Çoğu kez duygu ve düşüncelerimi satırlarda anlatırken zorlanırım.
Sevmeyi, aşkı,kızmayı,ilenmeyi,isyan etmeyi,diklenmeyi… dizelerde anlatmak daha
çok hoşuma gidiyor. Anlatımda müzikalitenin olmasını istiyorum. Sözler kulağa
hoş gelmeli, diyorum. Okuyucu çöl sıcağında susamış bir bedevinin bir bardak
suyu içtiği gibi yazılanları okumalı.Ama okurken de dizelerin içinde ‘’Aha işte
ben buradayım.’’ diyebilmeli. Ve ve daha önemlisi üç yazımdan birisi
mutlaka Diyarbekır’imi anlatmalı. Öyle istiyorum. Çünkü Diyarbekir 66 yıldır;
yüreğimde,beynimde,tek aşkım tek sevdamdır.
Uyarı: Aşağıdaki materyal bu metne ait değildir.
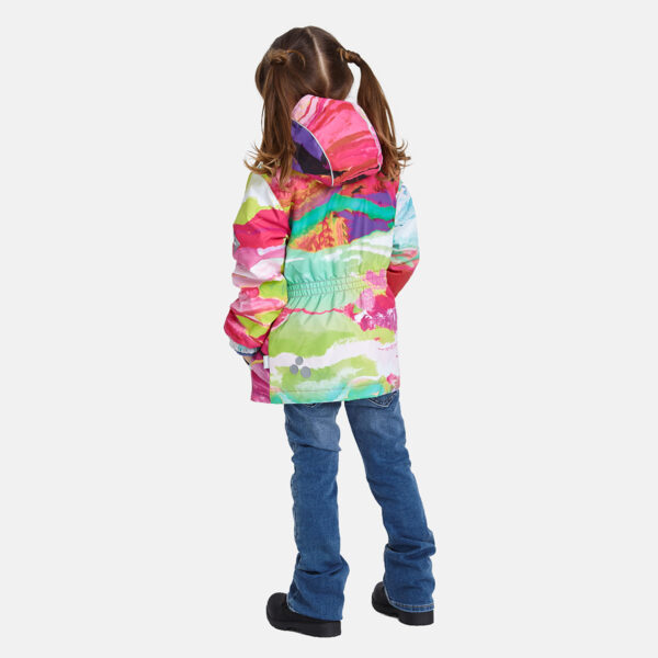 Lasten veden- ja tuulenpitävä takki 40 g eristyksellä. Hengittävä ulkokangas. Integroitu kuminauha hihansuissa, hupun reunassa ja takavyötäröllä. Irrotettava huppu kiinnittyy neppareilla takin kaulukseen. Heijastavat yksityiskohdat edessä ja takana.
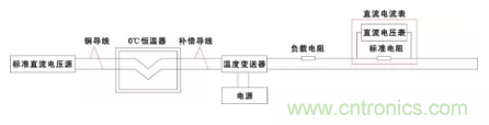 在變送器輸入端放置一個(gè)溫度計(jì),測(cè)得冷端溫度值,由分度表查得此溫度電勢(shì)值Eω,再根據(jù)熱電偶分度表的電勢(shì)值E0,由毫伏信號(hào)發(fā)生器輸出(E0-Eω)值,即模擬熱電偶的輸出,測(cè)量熱電偶溫度變送器4-20mA電流輸出值,計(jì)算變送器的測(cè)量精度。這種方法存在環(huán)境溫度變化和溫度計(jì)測(cè)量冷端誤差兩方面,無法消除這兩方面帶來的測(cè)量誤差。因此,通常作為現(xiàn)場(chǎng)零時(shí)比對(duì)測(cè)量時(shí)使用,不做為溫度變送器檢定校驗(yàn)使用。
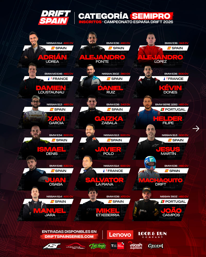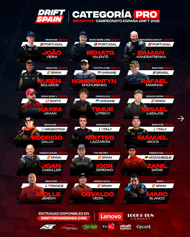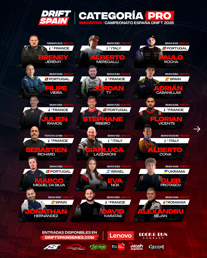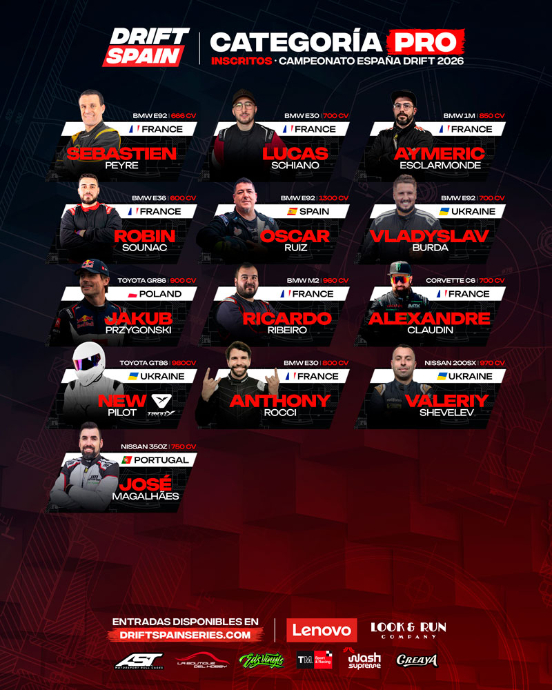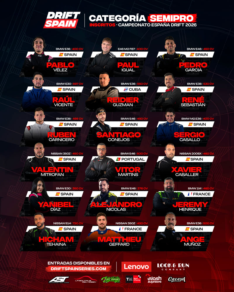 Pilotos Inscritos Campeonato Drift Spain 2026

Aşağıdaki şiirimde yaşları kırkın altında olanlara, Diyarbakır’imin
dünkü yaşam biçiminden enstantaneler vermek istedim.
Okuyalım.
ELE
BİLESEN
Diyarbekir'im
Sevdam benim
Şimdiye kédér héç kimse
Senden şikayet etti mi bılmiyem
Ama ben şikayet ediyem.
Anam beni fırına gönderidi
Başımda xamur teşti
Boynum axridi
Her hafta boxçayı
Hamam götüridım.
Belim ağridi
Hele çixariya gidecaxi günler
Çigerim yanidi
Bir elimde bakır semaver
Bir elimde kömür torbası
Belimde bağli kilimlerle
Şemsiler kayalığına tırmanacaksan
Şeyh Muhammet Düzlüğünden
Su getirecaxsan
Semaveri de sen yakacaxsan
Sonra fırsat bulursan
Dava'na bir göz atacaxsan
O kalabalıxta
Ya görisen , ya görmisen
Ma bu Allaha hekrevadır
Şimdi söyle
Senden nasıl şikayet etmeyeyim
Söyle Allahın seveyim
Yox ha
Sakın gönül koyma bana
Henek ediyem saan.
İmanıma
Ben İstanbul'da yaşiyam ama
Yüreğim sende ati
Ben İstanbul'da güliyem ama
Çigerim senle yani
Ben senin sevdalınam
Bunu da ele bilesen hani.
Bu şiirde ozan kendini anlatıyor sanmayın sakın. Kırk yaşın üstündeysen
sensin. Eli öpülesiye analarımızdır, babalarımızdır. Ben yaşta ağabey ve
ablalarınızdır. Anlattıklarım tüm canlılığıyla bizim yerel dilimiz ve
kültürümüzdür. Fırın kültürümüz, hamam kültürümüz, piknik kültürümüzdür. Yani yaşam biçimimizdi.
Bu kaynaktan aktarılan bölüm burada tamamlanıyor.